Page MenuHomePhabricator

Make sure tools-db is backed up in some form
Closed, DuplicatePublic

Description

I think prod databases are, so this should be too. Delayed replication and / or dumps?

Event Timeline

yuvipanda assigned this task to coren.
yuvipanda raised the priority of this task from to High.
yuvipanda updated the task description. (Show Details)
yuvipanda added a project: Cloud-Services.
yuvipanda added subscribers: faidon, mark, Aklapper, yuvipanda.

(Presumably, back up offsite)

This requires one of two things: either we dump the database to labstore2001 (which also gets rsyncs of labstores) or we add a DB to codfw and slave it.

What is the purpose of the backups?
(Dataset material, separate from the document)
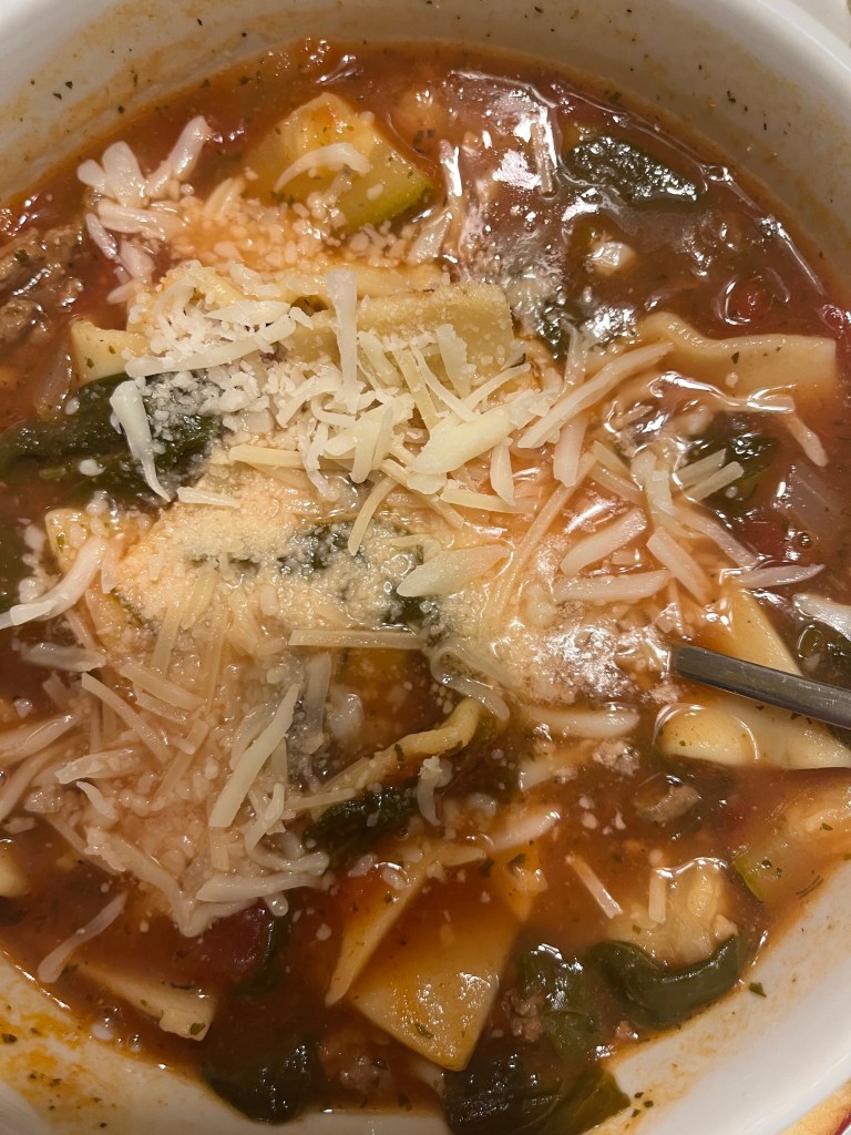 Then, this past Sunday, I did skinny lasagna soup. So good! I added spinach and zucchini.

If it is to guard against hardware failures & Co., I assume some replication to another server that can be pointed to by tools-db would be the best way (and this task thus a duplicate of T88718).

Hinting that user databases are backed up probably provokes support requests that someone wants to restore a table row in the form it had 39.437 days ago. In addition, I assume much (most?) of the data in the user databases is derived from replicated data and could thus be regenerated. So for "user database backups" in that sense I would instead recommend advertising that those users who need that should set up a cron job that calls mysqldump tailored to their requirements.
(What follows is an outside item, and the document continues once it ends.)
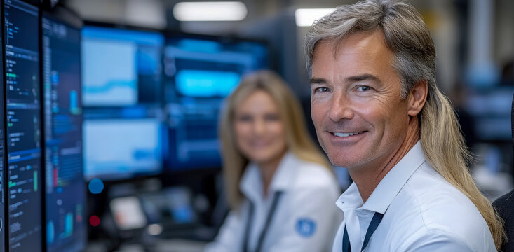 In a dimly lit control room filled with large digital screens, a diverse group of professionals analyzes complex data, focused on their tasks during the evening

@scfc: This is DR backups, not partially restorable backups.

Once T88718 is finished (most of the work has been done already), backups can be taken from the slave consistently.

A slave replica will prevent against:

  • Hardware issues (e.g. secondary storage broken, server fried in general)
  • Admin and security issues (data is rm'ed accidentally/by an attacker)
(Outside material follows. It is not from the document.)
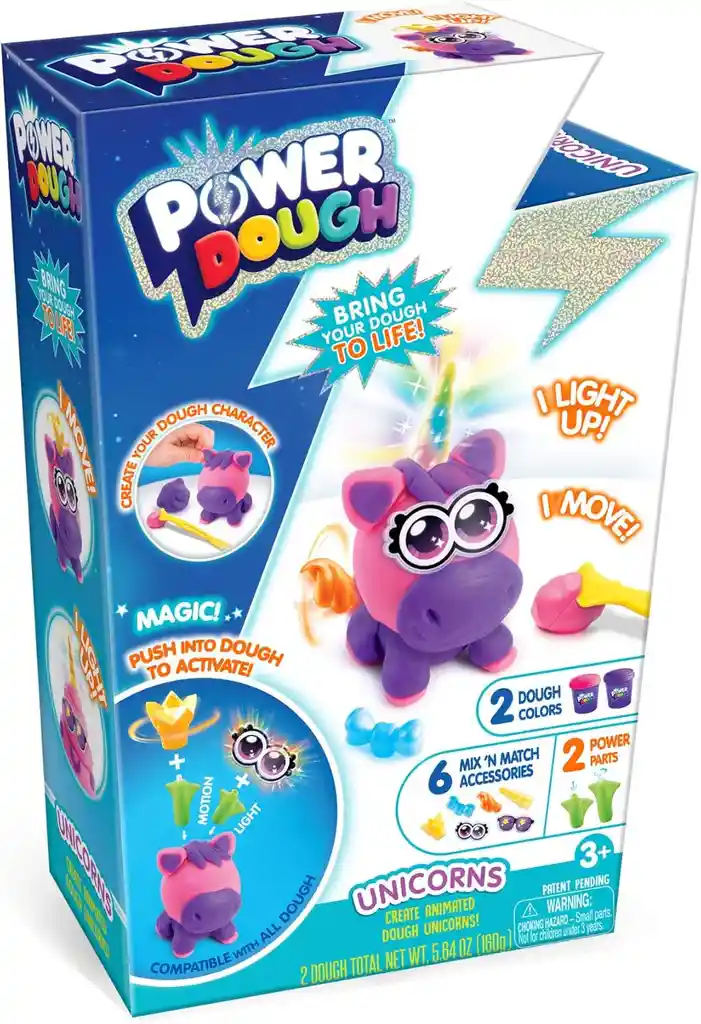 Kit Power Dough Masa Interactiva con Luz y Movimiento Incluye: - 6 accesorios intercambiables (ojos, bocas, cuernos y más) - 2 piezas de poder con baterías (movimiento, luz y/o sonido) - 2 masas de colores - Instrucciones de uso ¡Da vida a tu masa y crea personajes increíbles que se mueven, hablan y se iluminan! Con el Kit Power Dough, los niños pueden crear divertidos monstruos o unicornios animados usando masa especial conductora que activa los accesorios electrónicos. Solo debes moldear, presionar la masa en las piezas de poder… ¡y la magia comienza! Características: - La masa conduce la energía para activar movimiento, luz y sonido - Accesorios mix & match para infinitas combinaciones - Compatible con toda la línea Power Dough - Ideal para fomentar la creatividad y el juego imaginativo Información importante: Apto para niños de 3 años en adelante

Pointing clients to the slave is trivial, and could even done automatically.

A slave replica will not prevent against:

  • Software logic (a bad SQL command is executed, and data is logically DROPed or MySQL has a bug which creates data loss).

For that, there are 2 options:

  • Regular periodic backups, that will allow to go back that period
  • Delayed slave, where in the event of a bad SQL command, there will be X amount of hours until the slave executes it.

Problem with backups in that host is that there are some largish databases that are directly derived from mysql production replicas, and not worth recovering. I would suggest doing a user poll/selecting specific databases to avoid duplicating 500GB.

@scfc: This is DR backups, not partially restorable backups.

and I'd repeat my comment T88716#1181437:

[…]
Hinting that user databases are backed up probably provokes support requests that someone wants to restore a table row in the form it had 39.437 days ago. In addition, I assume much (most?) of the data in the user databases is derived from replicated data and could thus be regenerated. So for "user database backups" in that sense I would instead recommend advertising that those users who need that should set up a cron job that calls mysqldump tailored to their requirements.

I can imagine constellations where some form of point-in-time recovery is useful from a DBA perspective (imagine a maintenance script that is pointed to the wrong DB host and drops all databases), but IMHO users should be advised to mysqldump tables they think are important at intervals they deem appropriate. So if you think that replication guards against hardware issues and a DB root accidentally dropping databases is unlikely enough, I would consider this task resolved (or a duplicate of T88718).

Just a comment: I would make sure to announce the no-recovery guarantee to labs list (and intend to).